Maturation , or the process of changing over time, is often associated with change in a variety of outcomes. For example, psychological symptoms may change as individuals get older (e.g., only about half of children diagnosed with oppositional defiant disorder will meet criteria for the disorder 3 years after diagnosis (Barkley, 1997); symptoms of attention-deficit/hyperactivity disorder typically decline over time (Biederman, Mick, & Faraone, 2000)). This threat, which often co-occurs with history, can be evaluated with the use of control groups.

Selection Biases

Selection biases can seriously threaten validity when differences between groups at baseline are related to the DV, or outcome of interest. Often, selection biases can be prevented through the assignment of subjects to groups, and verifying that the groups are equal on important characteristics prior to intervention.

Attrition

Another serious threat to internal validity is attrition, or participant drop out.

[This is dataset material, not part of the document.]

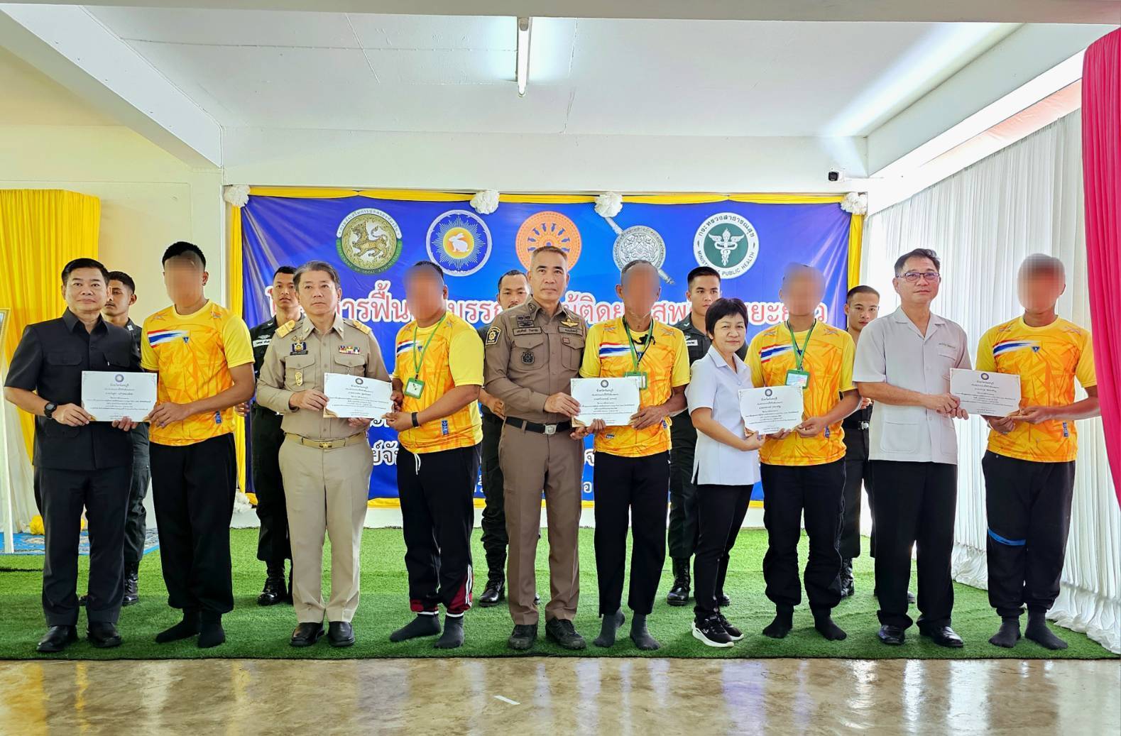 ในพิธีปิด มีการมอบประกาศนียบัตร แก่ผู้ที่ผ่านการฟื้นฟูทั้งหมด 29 ราย ผู้ผ่านการอบรมได้ประกอบพิธีดื่มน้ำพระพุทธมนต์และกล่าวคำปฏิญาณตนว่าจะไม่ยุ่งเกี่ยวกับยาเสพติดอีก พร้อมรับมอบเครื่องมือประกอบอาชีพ เช่น เครื่องตัดหญ้า อุปกรณ์ทำประมง และเครื่องมือช่างตัดผมเพื่อใช้เริ่มต้นชีวิตใหม่หลังจบการฟื้นฟู

Attrition becomes problematic when there is differential attribution between groups, which disrupts random assignment. For example, when considering the treatment study for depression described above, the researcher may initially conclude that the intervention demonstrated a significant decrease in depression symptoms and that this decrease was significantly greater than the change in the control group’s depression symptoms. However, this finding might be explained by attrition if, for example, the individuals with the most severe levels of depression were not benefitting from the intervention and dropped out of the experimental group. Thus, researchers should attempt to understand the reasons for attrition and should attempt to quantify attrition across groups and, in some cases, attempt to statistically control for the attrition.

Diffusion of Treatment

Diffusion of treatment occurs when participants in the control group receive the intervention. This may be more likely when participants live in close proximity to one another and have frequent contact, such as in a prison. If the intervention is effective, diffusion of treatment attenuates the impact of the treatment, and enhances the impact of the control condition (e.g., TAU, attention placebo). In this case, the effect of the intervention may be found not significantly different from the control group, causing the effective intervention to be deemed “ineffective.”

Reaction of Controls

When individuals participate in a control group , they may receive additional attention, support, special privileges, or monetary compensation. Each of these factors can significantly impacting the participant’s behavior and mindset, potentially influencing the study’s outcome. Additionally, if an individual knows that they are participating in the control group, this knowledge could also influence their behavior in unpredictable ways (e.g., compensatory performance or demoralization; Kazdin, 2003). In fact, if a participant is aware that they are participating in an experiment, even if do not know whether they are in the experimental or control group, this could led to attenuation or exaggeration of the outcome. Therefore, when appropriate researchers should strive to utilize “double-blind” (the researchers delivering the intervention and the participants receiving the intervention are unaware of group status) procedures, these procedures may not fully protect against reactivity.

Conclusion

The purpose of this chapter was to provide the reader with an understanding of the importance of research design and its impact on the type of information gathered through empirical studies. Important issues such as ethics within research, threats to validity, and types of experimental and nonexperimental design were presented. Types of participant selection and recruitment, and data collection were also outlined to help readers appreciate the ways in which study design methodologies can be employed to counter validity threats. The ultimate goal of this chapter was to increase readers’ acumen as consumers of research and research scientists.